Netflix UK TV review: Riverdale Season 2, Episode 2 (Nighthawks)
Review Overview
Visuals
10Plot
8Movie references
8Martyn Conterio | On 20, Oct 2017
Warning: This contains spoilers for Episode 2 of Riverdale Season 2. Not seen Riverdale? Catch up with spoiler-free review of the first three episodes.
After the riveting opener, Season 2 continues strongly with a wide-ranging and fast-paced episode directed by 1990s indie director Allison Anders, who returns to the fray after guest-directing several episodes of Season 1.
Since Fred Andrews (Sideshow Luke Perry) got popped in Pop’s Diner, Pop Tate’s beloved local eatery has suffered the slings and arrows of public tongue-wagging. Once everybody’s place to hang after school, the venue has now been branded as ‘Death’s Diner’, where patrons can slurp bloodshakes and chow down on gun, with a side order of bullets served ice-cold.

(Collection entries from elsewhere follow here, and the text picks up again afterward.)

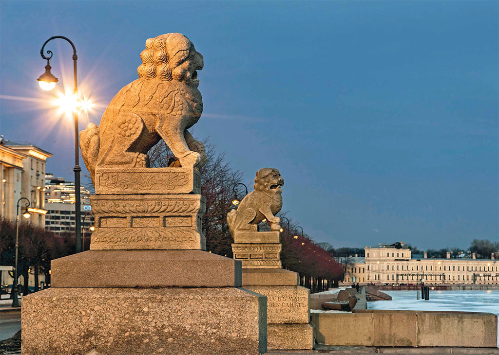 Египетские скульптуры – не единственные заморские гости Северной столицы. На Петровской набережной Невы уже в начале XX века появились китайские львы Ши-Цза. Изготовленные из маньчжурского гранита и доставленные из города Гирина в Санкт-Петербург, изваяния были первоначально подарены китайцами приамурскому генерал-губернатору Н. И. Гродекову. Он же, в свою очередь, решил подарить их Петербургу и сам оплатил транспортные расходы по отправке скульптур в столицу. Их решено было установить на недавно обустроенной и облаченной в гранит Петровской набережной напротив Домика Петра.
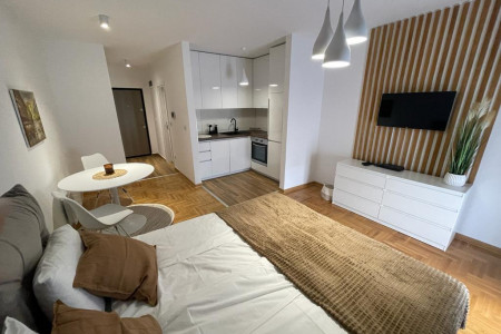 Apartment LL65 Airport - Surčin. The studio apartment is luxuriously furnished and is located in the immediate vicinity of the airport in the street: Majke Jugovića 2a. The apartment is located on the ground floor of a residential building, has an area of 32m2 and is intended for a comfortable stay for up to 2 people. The apartment has a comfortable double bed for 2 people, a fully equipped brand new kitchen with new elements and the necessary accessories and appliances, a modern bathroom with a shower cabin. Free WiFi internet, flat-screen TV with cable channels, clean bed linen and clean towels are at guests' disposal. It's great for those who need accommodation close to the airport. For all those who come with their own vehicle, the apartment has free parking in front of the apartment building. Welcome!
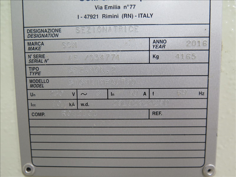 SEZ.MON.2 CNC HORIZONTAL PANEL/BEAM SAW W/SCM GROUP CONTROLS (DISCONNECT AT SAFETY SWITCH, SAFETY SWITCH NOT INCLUDED)
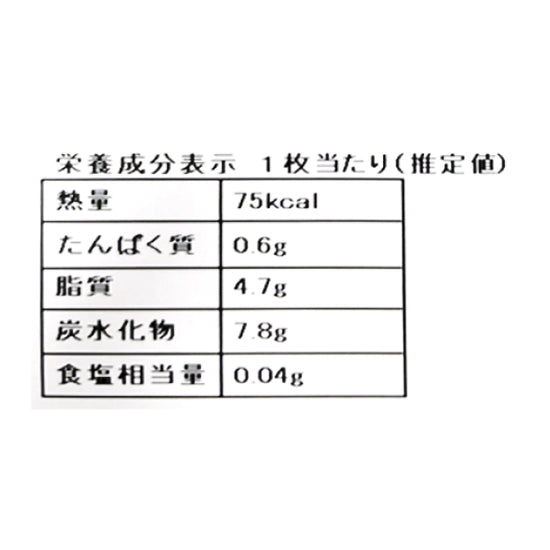 | 栄養成分 | (1枚当たり)エネルギー:75kcal、たんぱく質:0.6g、脂質:4.7g、炭水化物:7.8g、食塩相当量:0.04g |

And so Betty’s out to save Pop’s from closing, Archie’s busy buying drugs and guns, Veronica is continuing to distrust her folks (with good reason), Jughead makes a move to save his old man from a 20-year stretch in the slammer, Cheryl Blossom is living in some sadomasochistic horror movie where she controls her severely burned and frightened mother, and the masked killer strikes again in a scene paying homage to David Fincher’s Zodiac (2007) – two kids necking on a lovers’ lane get gunned down, as Donovan’s Season of the Witch soundtracks the mayhem.

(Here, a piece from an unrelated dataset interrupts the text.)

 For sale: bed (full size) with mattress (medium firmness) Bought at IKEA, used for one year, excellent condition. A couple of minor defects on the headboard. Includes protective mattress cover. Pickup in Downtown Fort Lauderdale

As homages go, the final sequence of Episode 2 was an absolute joy and furthered last episode’s suspicion that series creator Roberto Aguirre-Sacasa is cleverly mining his horror past and really darkening the mood with Season 2 (Season 1 was hardly rainbow skies and unicorns frolicking in the woods, mind you). As well as the Zodiac tribute, there was Jughead’s hilarious line to Archie, still refusing to sleep and intent on protecting Fred from whomever shot him: Jughead entered Archie’s house, saw his jittery pal and referred to him as looking like one of the ‘dream warriors’ from the classic A Nightmare on Elm Street 3. It’s usually Veronica with the postmodern referencing, but Jughead’s got game, too.
It was also great to see Twin Peaks alumni Madchen Amick being given something to do. Alice Cooper, rumour has it, is a witch or au fait with magic – remember when she burned incense (or whatever substance is was) way back in Season 1? The town’s queen bee and newspaper editor is definitely a person of interest, when it comes to any potential connections between Riverdale and Roberto Aguirre-Sacasa’s Sabrina the Teenage Witch revival. The character just so happens to hail from Greendale, the next town over, and fans are already suggesting – hoping, even – there will be a crossover or an introduction of Sabrina in Riverdale. It would be a pretty ballsy move, bringing unambiguous supernatural elements into a show already using horror tropes and vibes without stepping foot into that world proper – did we mention the use of Season of the Witch (ahem) on the soundtrack?
Whether Alice is a witch or a witch’s familiar is one for forums and social media, but she’s definitely a busybody and party pooper, noting how Betty’s good work saving Pop’s with a retro dining experience (featuring Josie and the Pussycats singing Kelis’ Milkshake on the roof of the building) brought drug dealers to the parking lot. Alice loves a scoop and so what if her daughter’s well-intentioned plan got shot to pieces?
Anyway, it was revealed Hiram Lodge – Riverdale’s answer to Scarface, to quote Alice (another of this week’s 1980s movie-referencing quips) – secretly bought the place and asked Pop to stay on managing it, allowing the town to think everything is back to normal and that an institution will not go into that good night. Hiram is desperate to get into his displeased daughter’s good book again and yet this act of kindness and community is likely to blow up in his face down the line.
As ever, Riverdale looked absolutely stunning. Borrowing heavily from 80s thrillers and Italian horror, the splashes of neon and primary colours gives the series a distinctness and artful look most other shows would kill for. This week’s best shot featured Betty and Jug leaving the Blossom house at night, the aqua blue light (Riverdale’s signature lighting scheme?) flooding the woods as they walked off. It was a shot worthy of Argento’s Suspiria (1977), as if momentarily Jug and Betty stepped into a dreamlike fairy tale. The artificial, unreal nature of the heavily stylised lighting and shot composition is one of Riverdale’s great triumphs.
Riverdale is available on Netflix UK, as part of an £9.99 monthly subscription. New episodes arrive every Thursday, within 24 hours of their US broadcast.